Among the classic altars of San Juan, the families that crowded into Pestiño street; or on the road to Punta Anaga, to El Draguillo… And called to capitalize on the festivity of the bonfires, Acorán.
This nucleus of the Southwest was born as a dormitory neighborhood and over the years it has fed the feeling of town since a neighborhood association was established in 2020. From there, the councilor for the Southwest, Javier Rivero, provided support in the first celebration so that the residents had chairs, tables and even a folkloric group, an atmosphere that was recreated this edition with music due to the haste to contract for the coincidence of the constitution of the new city council after the last electoral appointment.
Even so, Acorán started the countdown last night to convert this nucleus as a reference in the festival of San Juan not only in the Southwest but in all of Santa Cruz. By 2024, the first edition will be held with the same entity as the patronal festival of any other area of the place to celebrate: San Juan de Acorán.

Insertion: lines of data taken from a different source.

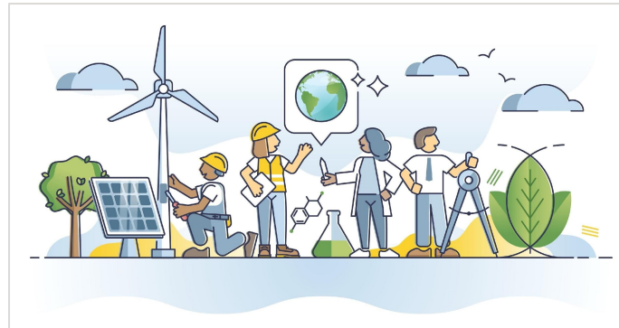
ILO guidelines for green employment diagnostics
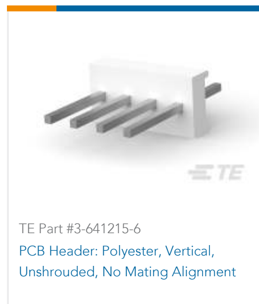
TE Part #3-641215-6 PCB Header: Polyester, Vertical, Unshrouded, No Mating Alignment
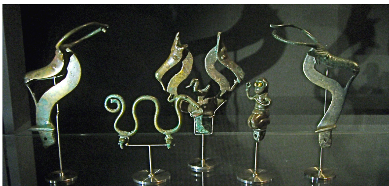
Figure 6. Bronze Age votive figures from Fårdal, Denmark.

drinking/suckling – consists of some five bronze pieces (Fig. 6), among them, a kneeling woman and a serpentine beast:
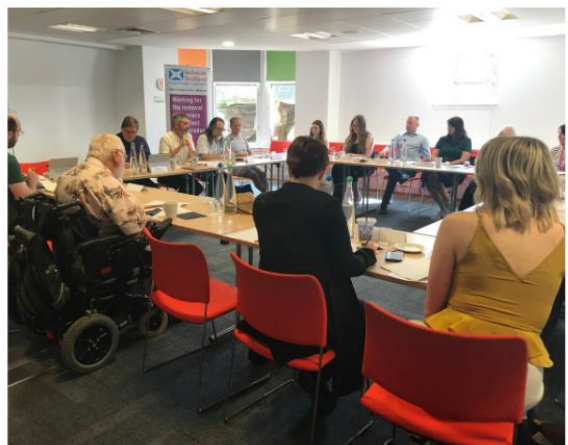
Our Pop Up Think Tank "Friend of Foe" on Basic Income on 25 July 2019

Faced with this boom in the Southwest, the festivities that were once held in the Las Teresitas beach they went down in history, as far as yesterday was reached without any traffic mishap, an enclave orphaned yesterday of tradition, as happened in other enclaves of the capital of Tenerife where San Juan was relegated to oblivion.
Bonfires but no concert
Other points of the Tenerife geography also had bonfires, although without great excesses. In Puerto de la Cruz they were left with honey on their lips by not having their traditional concert held, but there were bonfires on the beach. For today another year is planned in the surroundings of the fishing pier the tradition of the Bath of Goats in the Sea, organized by the Association of Friends of the Bath of Goats in the Sea and that together with the City Council celebrates one of the hallmarks of the municipality that goes back almost a century, as reported by the City Council of Porto in the days prior to these deep-rooted acts.